## Work required
Write the data out again, character for character, with no images.

## Information provided

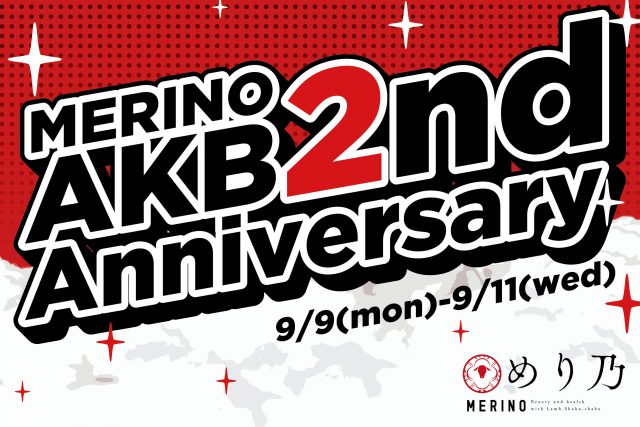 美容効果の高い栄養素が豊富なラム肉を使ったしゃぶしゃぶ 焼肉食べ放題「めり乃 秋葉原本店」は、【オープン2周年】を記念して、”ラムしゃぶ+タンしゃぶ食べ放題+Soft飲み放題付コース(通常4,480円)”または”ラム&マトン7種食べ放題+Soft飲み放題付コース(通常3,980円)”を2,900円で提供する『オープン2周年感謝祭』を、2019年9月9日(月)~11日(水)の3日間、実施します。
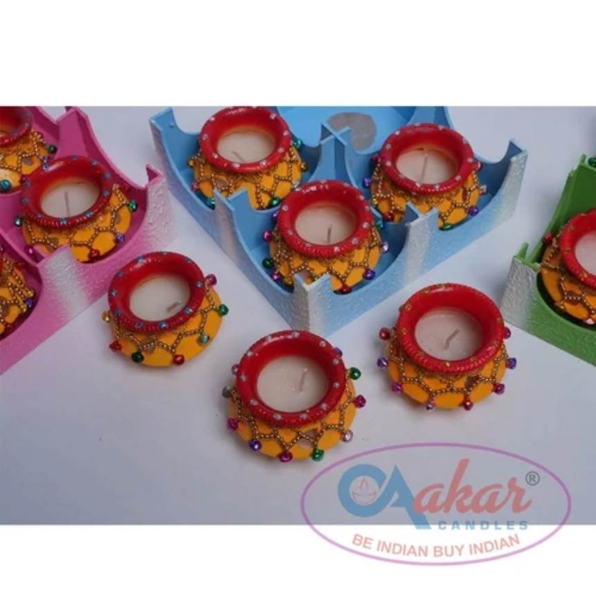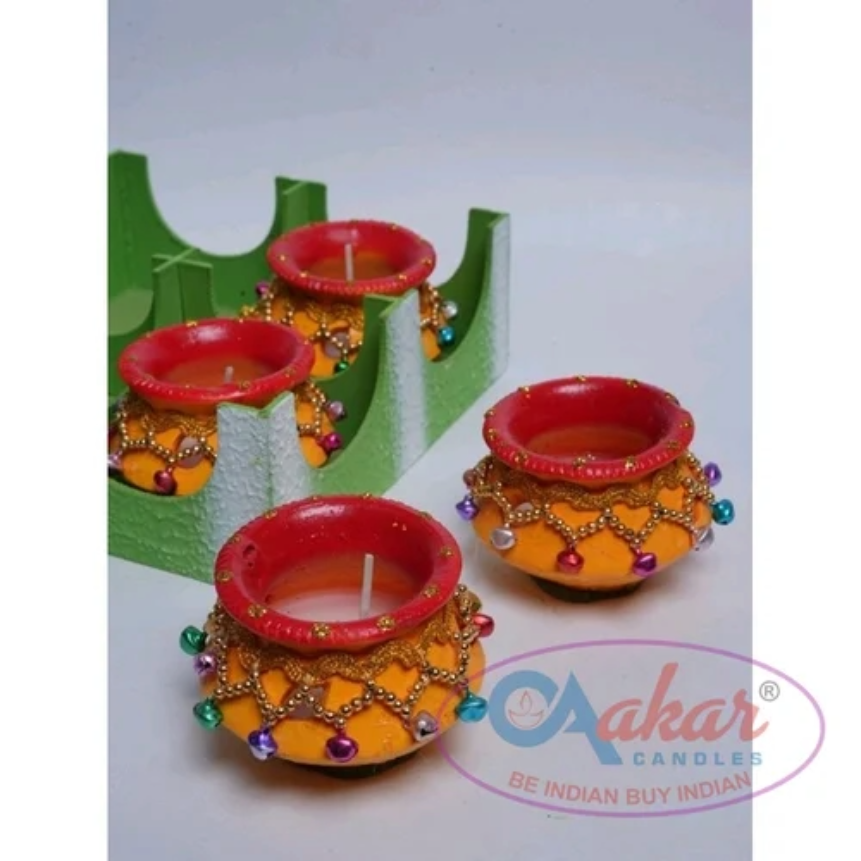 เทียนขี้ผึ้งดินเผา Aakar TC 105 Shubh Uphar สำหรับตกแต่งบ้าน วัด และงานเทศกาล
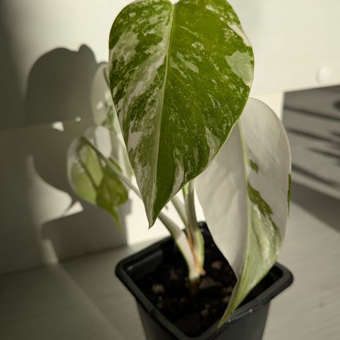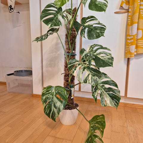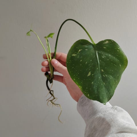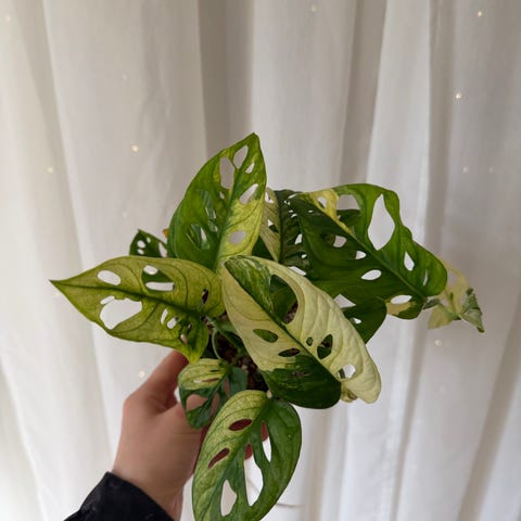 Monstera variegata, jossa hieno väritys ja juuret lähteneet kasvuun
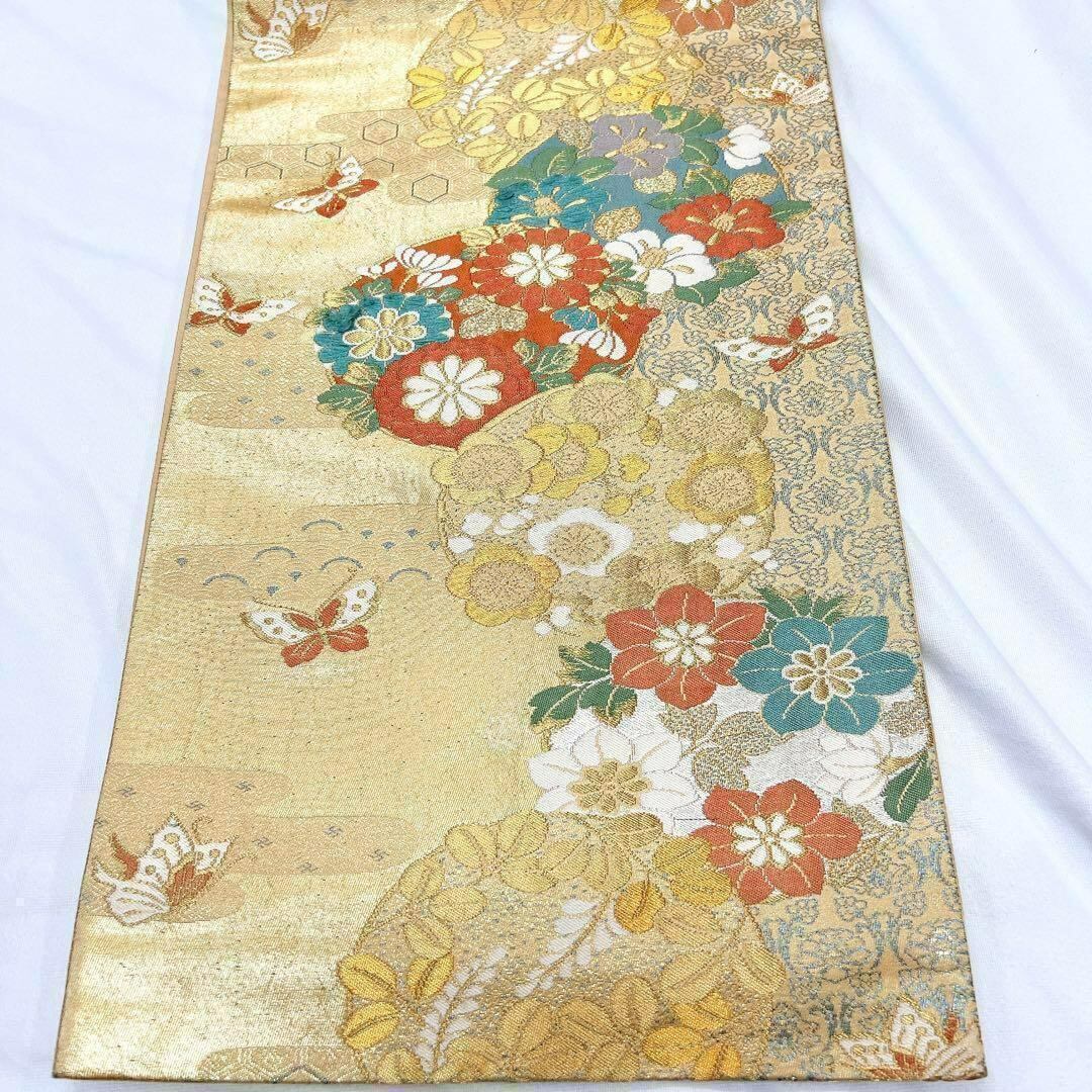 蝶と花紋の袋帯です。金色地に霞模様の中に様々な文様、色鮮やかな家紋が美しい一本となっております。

## Exercise response
 美容効果の高い栄養素が豊富なラム肉を使ったしゃぶしゃぶ 焼肉食べ放題「めり乃 秋葉原本店」は、【オープン2周年】を記念して、”ラムしゃぶ+タンしゃぶ食べ放題+Soft飲み放題付コース(通常4,480円)”または”ラム&マトン7種食べ放題+Soft飲み放題付コース(通常3,980円)”を2,900円で提供する『オープン2周年感謝祭』を、2019年9月9日(月)~11日(水)の3日間、実施します。
 เทียนขี้ผึ้งดินเผา Aakar TC 105 Shubh Uphar สำหรับตกแต่งบ้าน วัด และงานเทศกาล
 Monstera variegata, jossa hieno väritys ja juuret lähteneet kasvuun
 蝶と花紋の袋帯です。金色地に霞模様の中に様々な文様、色鮮やかな家紋が美しい一本となっております。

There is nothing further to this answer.